14. The ceramic structure manufacturing method using the inert gas substituting method according to claim 11, wherein the ceramic body is a honeycomb formed body having a lattice-shaped partition wall which partitions and forms a plurality of cells extending from one end surface to an other end surface and a circumferential wall.

15. The ceramic structure manufacturing method using the inert gas substituting method according to claim 14, wherein the ceramic body comprises silicon carbide as a main component.

Description

BRIEF DESCRIPTION OF THE DRAWINGS

(1) FIG. 1 is an explanatory view schematically illustrating a configuration of a main firing furnace and a gas substituting chamber.

(2) FIG. 2 is an explanatory view schematically illustrating a flow of a process by an inert gas substituting method of the present embodiment.

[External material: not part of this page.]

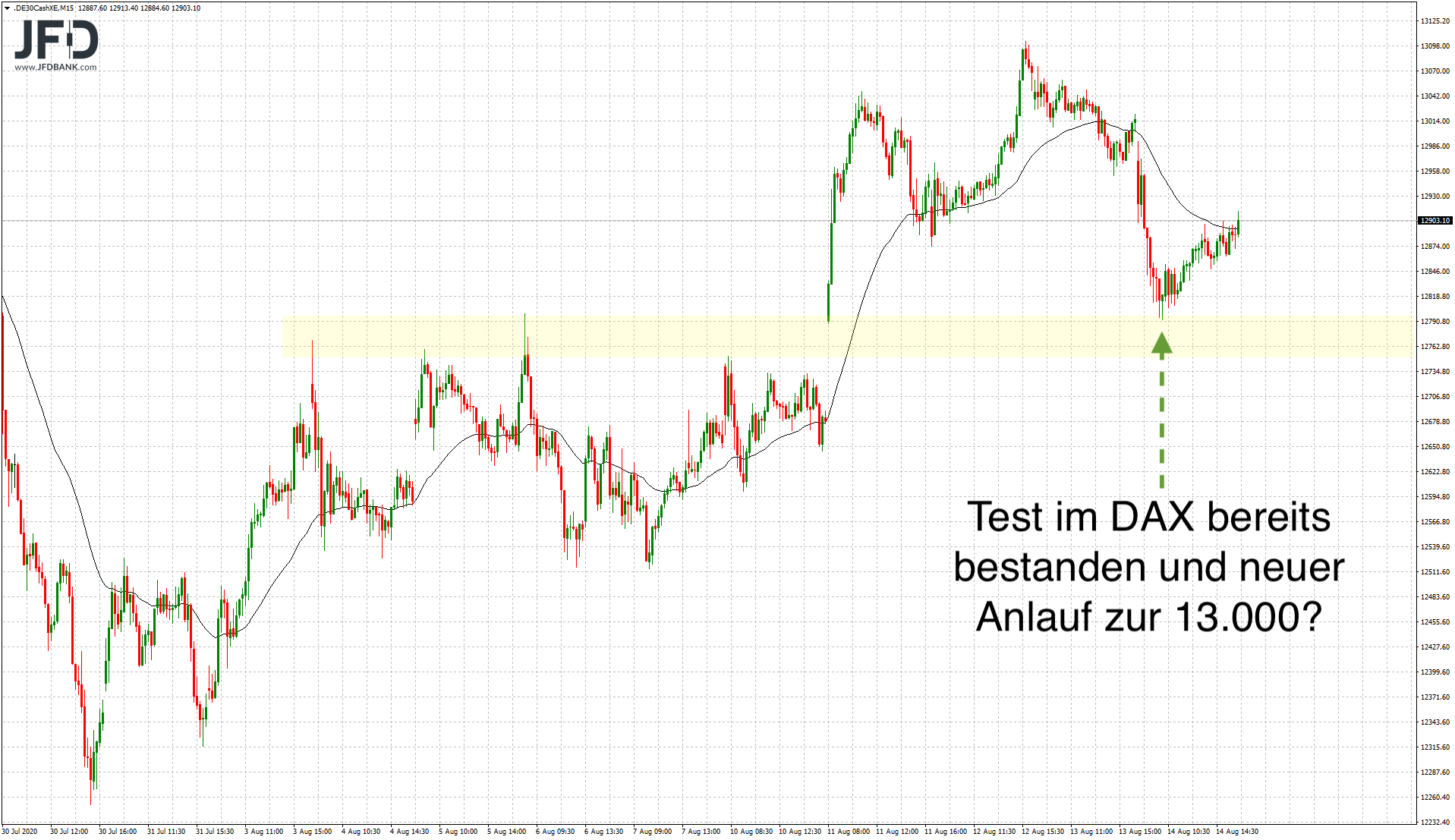 "In der gestrigen Analyse zum DAX® wurde bereits betont, dass es kurzfristig zu viele Varianten gebe und nach dem Gapclose bei 13.073 Punkten die Marktteilnehmer erst einmal zufrieden sein dürften. Diese vorsichtige Haltung hat sich spätestens heute ausgezahlt. Denn der Index muss im bisherigen Freitagshandel kräftig Federn lassen.

(3) FIG. 3 is an explanatory view schematically illustrating a flow of a process by an inert gas substituting method of the present embodiment.

(4) FIG. 4 is a graph showing a relationship between an atmospheric pressure (vacuum pressure) in an indoor space of a gas substituting chamber and elapsed time.

(5) FIG. 5 is a graph showing a relationship between a value of an oxygen concentration and an amount of argon gas used with respect to the number of times of substitutions of argon gas.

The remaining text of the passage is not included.